Start of Block

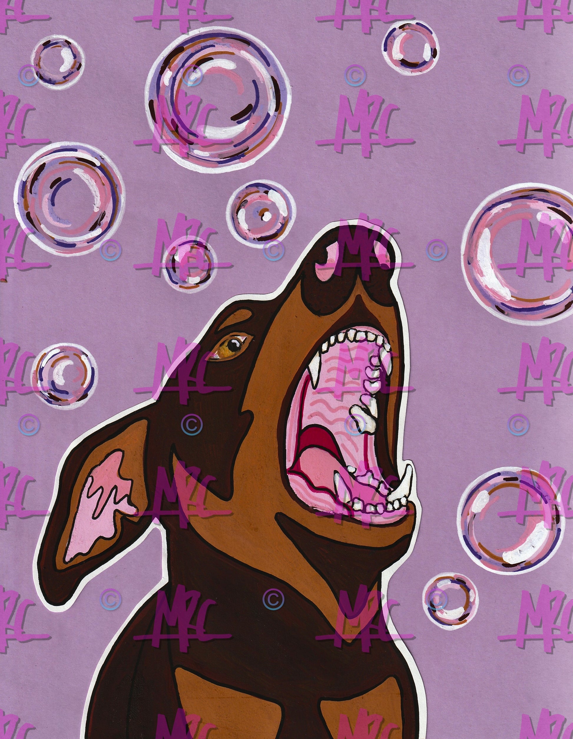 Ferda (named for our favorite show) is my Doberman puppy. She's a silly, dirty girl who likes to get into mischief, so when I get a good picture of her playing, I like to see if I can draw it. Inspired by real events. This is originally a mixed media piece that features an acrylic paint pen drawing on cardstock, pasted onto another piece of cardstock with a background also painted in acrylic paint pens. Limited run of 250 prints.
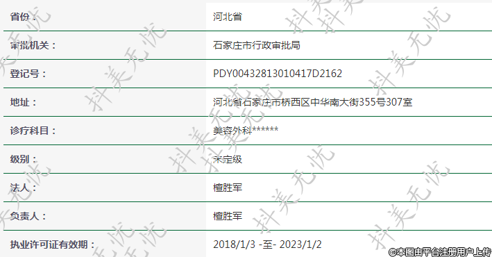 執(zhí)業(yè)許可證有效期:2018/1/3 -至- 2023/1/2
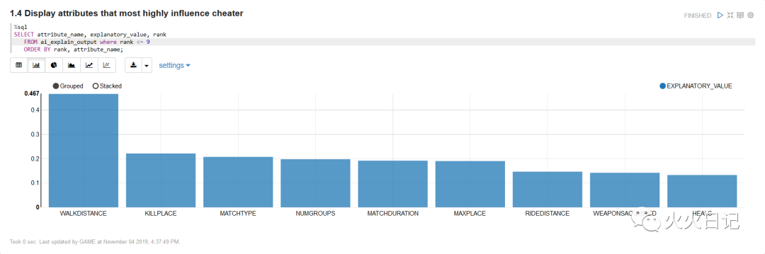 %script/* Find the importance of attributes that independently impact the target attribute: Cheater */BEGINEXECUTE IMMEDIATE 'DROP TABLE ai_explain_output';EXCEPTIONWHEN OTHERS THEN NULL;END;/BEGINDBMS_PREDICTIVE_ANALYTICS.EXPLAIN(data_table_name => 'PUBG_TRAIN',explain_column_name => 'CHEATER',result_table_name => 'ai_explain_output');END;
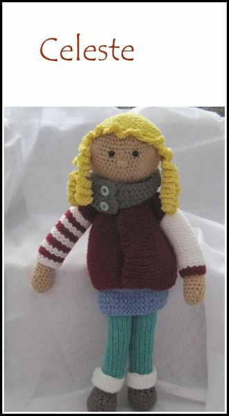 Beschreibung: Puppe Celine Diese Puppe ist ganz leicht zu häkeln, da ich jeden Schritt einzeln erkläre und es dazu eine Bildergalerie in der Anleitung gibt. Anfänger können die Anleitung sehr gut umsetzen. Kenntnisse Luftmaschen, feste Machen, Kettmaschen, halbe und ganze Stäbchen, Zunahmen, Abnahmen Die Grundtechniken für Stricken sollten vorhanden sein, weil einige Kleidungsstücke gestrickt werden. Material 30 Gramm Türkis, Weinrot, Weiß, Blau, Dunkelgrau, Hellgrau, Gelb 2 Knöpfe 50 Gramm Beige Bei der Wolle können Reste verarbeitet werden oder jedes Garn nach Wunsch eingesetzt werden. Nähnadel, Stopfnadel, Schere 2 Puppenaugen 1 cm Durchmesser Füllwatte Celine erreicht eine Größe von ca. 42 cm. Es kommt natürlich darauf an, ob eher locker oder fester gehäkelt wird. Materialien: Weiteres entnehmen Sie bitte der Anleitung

End of Block
Start of Block

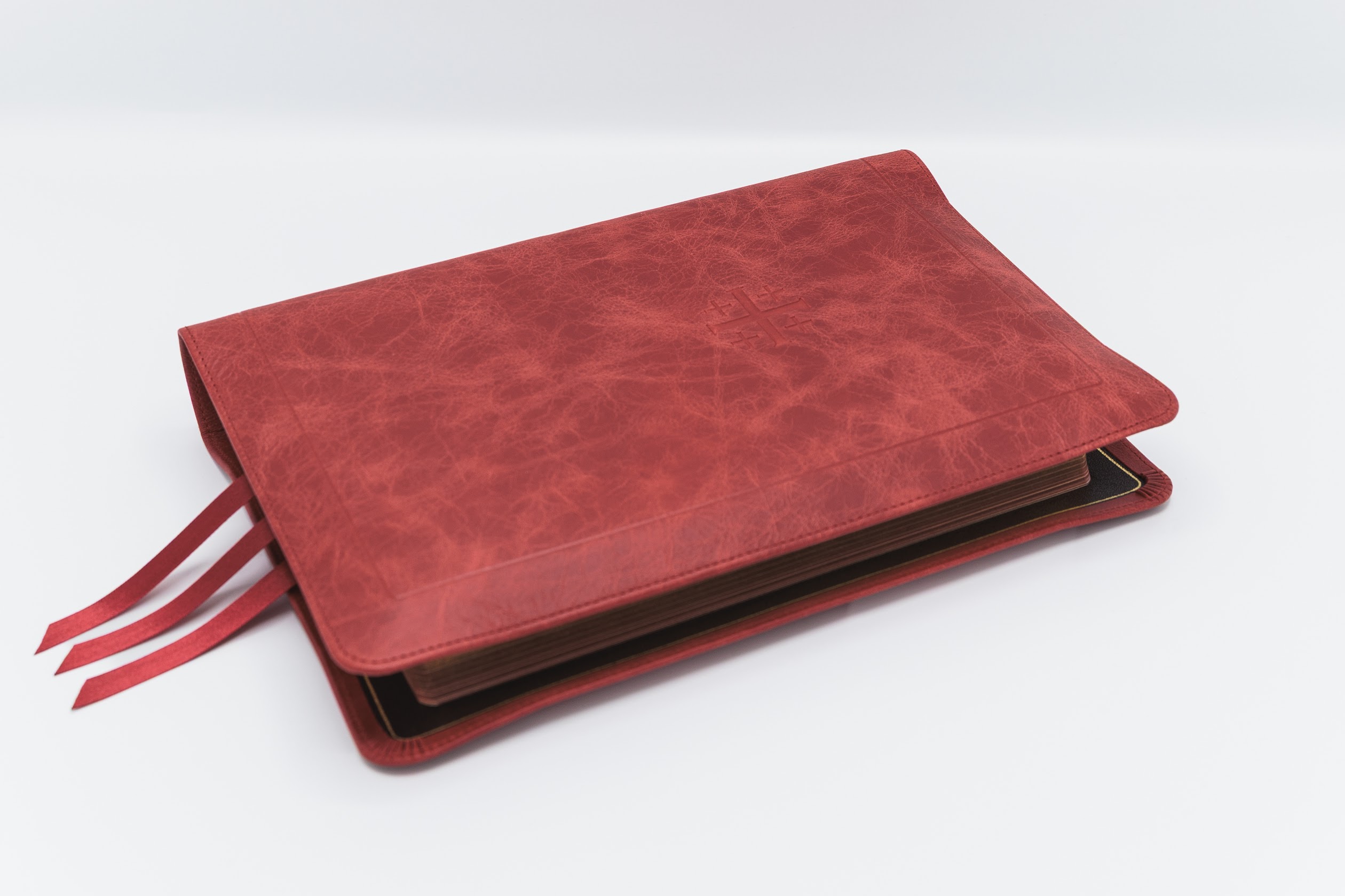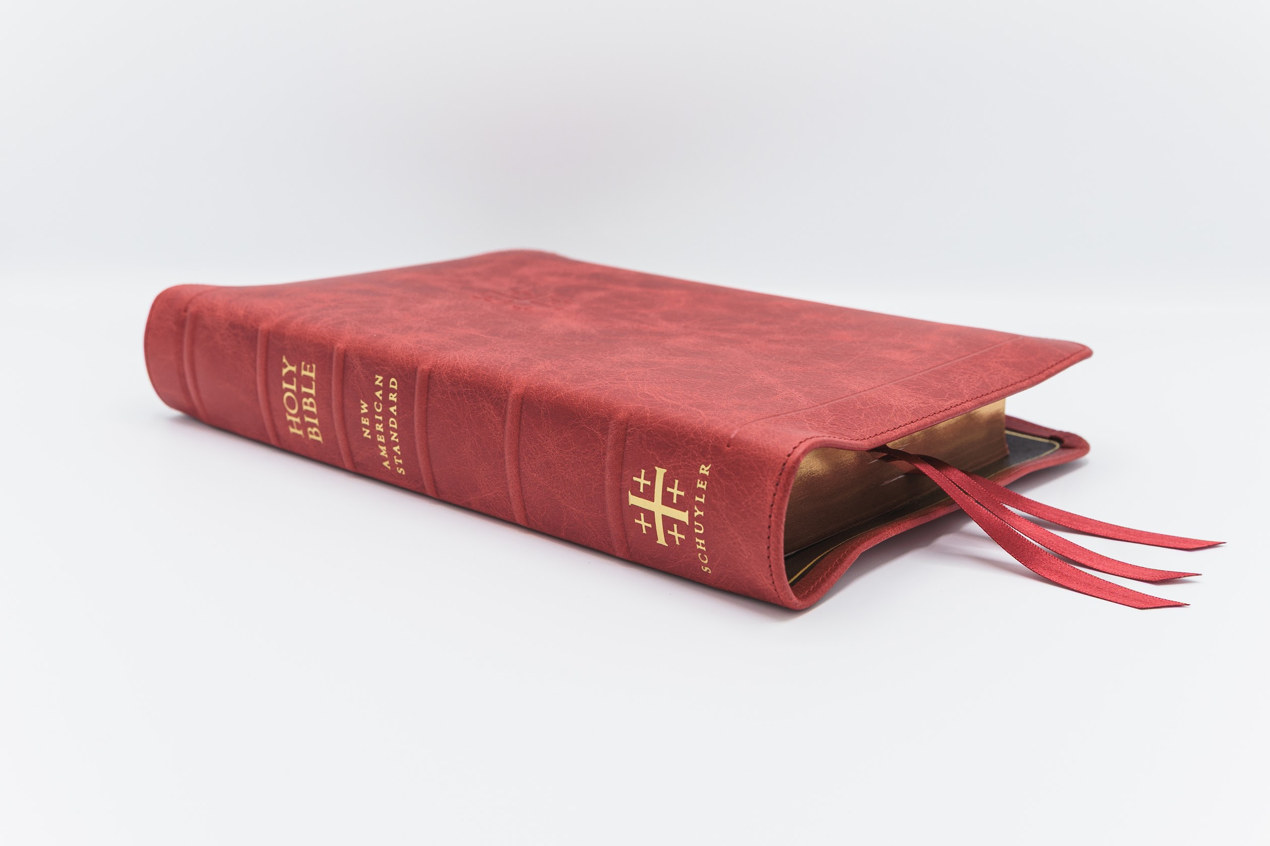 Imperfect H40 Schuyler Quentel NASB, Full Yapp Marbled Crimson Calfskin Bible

End of Block
Start of Block

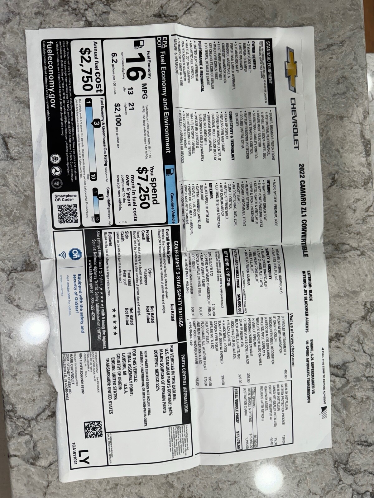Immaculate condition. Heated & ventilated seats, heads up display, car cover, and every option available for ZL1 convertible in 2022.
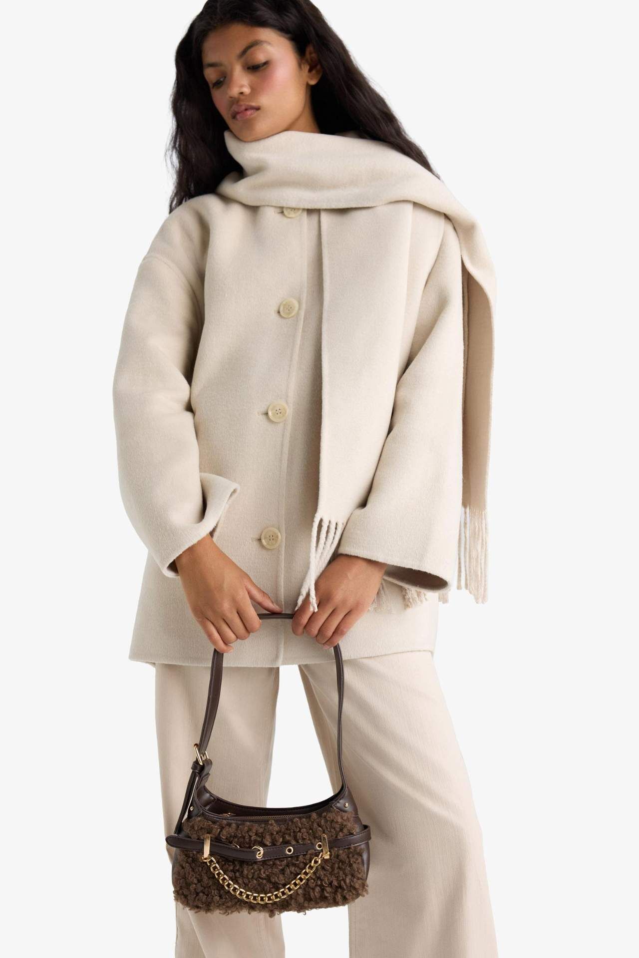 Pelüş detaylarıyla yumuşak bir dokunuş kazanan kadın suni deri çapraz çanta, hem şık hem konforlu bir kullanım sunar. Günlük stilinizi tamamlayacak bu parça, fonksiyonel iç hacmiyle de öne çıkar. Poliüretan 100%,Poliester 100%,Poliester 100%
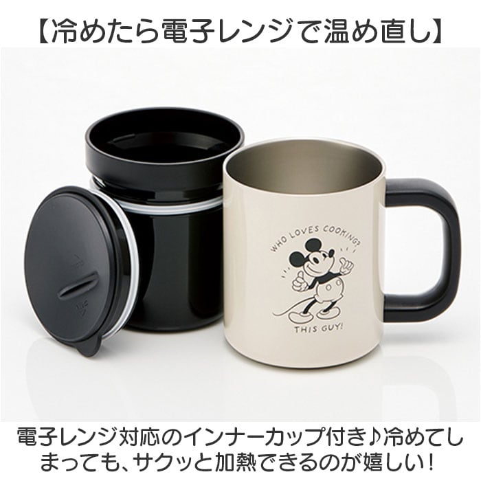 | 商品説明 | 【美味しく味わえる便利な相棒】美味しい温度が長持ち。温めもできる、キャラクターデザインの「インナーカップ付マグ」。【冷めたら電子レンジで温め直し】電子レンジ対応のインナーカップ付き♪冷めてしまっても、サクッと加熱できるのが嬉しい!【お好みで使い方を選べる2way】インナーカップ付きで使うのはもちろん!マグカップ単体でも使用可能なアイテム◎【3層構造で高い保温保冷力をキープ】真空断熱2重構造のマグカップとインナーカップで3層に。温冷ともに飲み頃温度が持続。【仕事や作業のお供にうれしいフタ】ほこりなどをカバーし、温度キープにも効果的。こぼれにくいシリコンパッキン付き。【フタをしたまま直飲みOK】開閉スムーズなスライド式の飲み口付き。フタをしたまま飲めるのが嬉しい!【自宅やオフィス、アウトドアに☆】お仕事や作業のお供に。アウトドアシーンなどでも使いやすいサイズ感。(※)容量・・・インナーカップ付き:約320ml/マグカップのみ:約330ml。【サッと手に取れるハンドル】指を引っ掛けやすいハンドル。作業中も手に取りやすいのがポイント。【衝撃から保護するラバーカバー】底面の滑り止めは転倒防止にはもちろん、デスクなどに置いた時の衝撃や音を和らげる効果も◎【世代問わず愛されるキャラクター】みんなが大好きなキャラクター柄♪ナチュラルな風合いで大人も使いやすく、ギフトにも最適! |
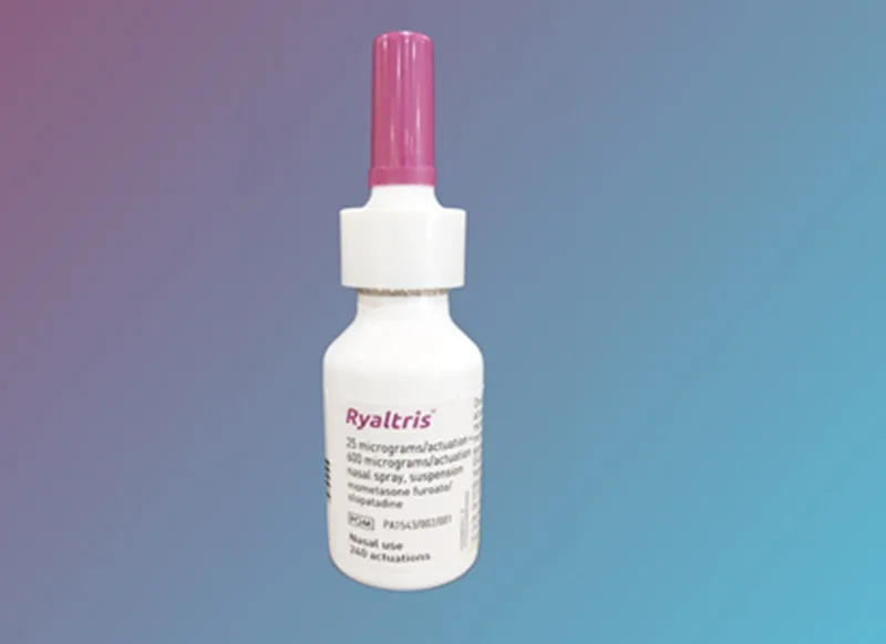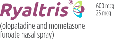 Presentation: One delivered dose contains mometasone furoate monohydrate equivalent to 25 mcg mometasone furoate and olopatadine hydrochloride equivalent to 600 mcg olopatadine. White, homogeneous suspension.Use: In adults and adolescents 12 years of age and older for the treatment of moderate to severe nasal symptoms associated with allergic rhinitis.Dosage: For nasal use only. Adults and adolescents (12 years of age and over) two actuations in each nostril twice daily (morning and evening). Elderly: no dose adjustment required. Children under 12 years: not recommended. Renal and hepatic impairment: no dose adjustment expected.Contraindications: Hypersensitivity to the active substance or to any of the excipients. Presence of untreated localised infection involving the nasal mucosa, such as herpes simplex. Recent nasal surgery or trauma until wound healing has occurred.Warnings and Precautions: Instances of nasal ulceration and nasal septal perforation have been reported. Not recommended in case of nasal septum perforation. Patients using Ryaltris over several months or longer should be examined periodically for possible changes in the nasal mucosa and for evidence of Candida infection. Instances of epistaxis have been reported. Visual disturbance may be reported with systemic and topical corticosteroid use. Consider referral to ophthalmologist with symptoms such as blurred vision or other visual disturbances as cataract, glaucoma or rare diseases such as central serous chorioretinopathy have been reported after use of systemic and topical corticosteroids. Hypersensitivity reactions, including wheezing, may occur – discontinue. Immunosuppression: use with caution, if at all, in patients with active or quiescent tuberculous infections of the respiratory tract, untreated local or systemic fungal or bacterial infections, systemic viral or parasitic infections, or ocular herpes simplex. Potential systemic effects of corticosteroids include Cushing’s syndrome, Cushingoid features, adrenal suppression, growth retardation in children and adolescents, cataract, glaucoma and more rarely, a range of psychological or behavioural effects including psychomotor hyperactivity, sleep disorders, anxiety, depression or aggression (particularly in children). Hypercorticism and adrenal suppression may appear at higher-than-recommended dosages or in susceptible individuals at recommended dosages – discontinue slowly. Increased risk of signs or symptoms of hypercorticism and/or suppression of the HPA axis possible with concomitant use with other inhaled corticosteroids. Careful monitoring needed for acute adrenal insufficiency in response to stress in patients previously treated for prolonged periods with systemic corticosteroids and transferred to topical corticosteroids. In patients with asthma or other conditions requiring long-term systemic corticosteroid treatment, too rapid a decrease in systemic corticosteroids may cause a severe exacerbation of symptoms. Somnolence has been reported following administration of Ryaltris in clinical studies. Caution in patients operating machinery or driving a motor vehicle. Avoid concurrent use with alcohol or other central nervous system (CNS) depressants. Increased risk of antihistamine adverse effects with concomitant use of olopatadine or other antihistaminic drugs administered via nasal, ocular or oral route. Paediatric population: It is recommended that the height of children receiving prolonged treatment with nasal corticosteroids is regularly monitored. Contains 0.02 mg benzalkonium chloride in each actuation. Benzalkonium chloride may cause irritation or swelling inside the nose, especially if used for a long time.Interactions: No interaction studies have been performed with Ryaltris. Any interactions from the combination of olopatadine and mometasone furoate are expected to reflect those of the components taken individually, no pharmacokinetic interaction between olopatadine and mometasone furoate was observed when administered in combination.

End of Block

→ How to complete this task
Starting from the line with "Find the importance" in the records above, repeat each line exactly until you have written the line with "Beschreibung: Puppe Celine", then stop; drop the pictures.

→ Answer to this problem
 %script/* Find the importance of attributes that independently impact the target attribute: Cheater */BEGINEXECUTE IMMEDIATE 'DROP TABLE ai_explain_output';EXCEPTIONWHEN OTHERS THEN NULL;END;/BEGINDBMS_PREDICTIVE_ANALYTICS.EXPLAIN(data_table_name => 'PUBG_TRAIN',explain_column_name => 'CHEATER',result_table_name => 'ai_explain_output');END;
 Beschreibung: Puppe Celine Diese Puppe ist ganz leicht zu häkeln, da ich jeden Schritt einzeln erkläre und es dazu eine Bildergalerie in der Anleitung gibt. Anfänger können die Anleitung sehr gut umsetzen. Kenntnisse Luftmaschen, feste Machen, Kettmaschen, halbe und ganze Stäbchen, Zunahmen, Abnahmen Die Grundtechniken für Stricken sollten vorhanden sein, weil einige Kleidungsstücke gestrickt werden. Material 30 Gramm Türkis, Weinrot, Weiß, Blau, Dunkelgrau, Hellgrau, Gelb 2 Knöpfe 50 Gramm Beige Bei der Wolle können Reste verarbeitet werden oder jedes Garn nach Wunsch eingesetzt werden. Nähnadel, Stopfnadel, Schere 2 Puppenaugen 1 cm Durchmesser Füllwatte Celine erreicht eine Größe von ca. 42 cm. Es kommt natürlich darauf an, ob eher locker oder fester gehäkelt wird. Materialien: Weiteres entnehmen Sie bitte der Anleitung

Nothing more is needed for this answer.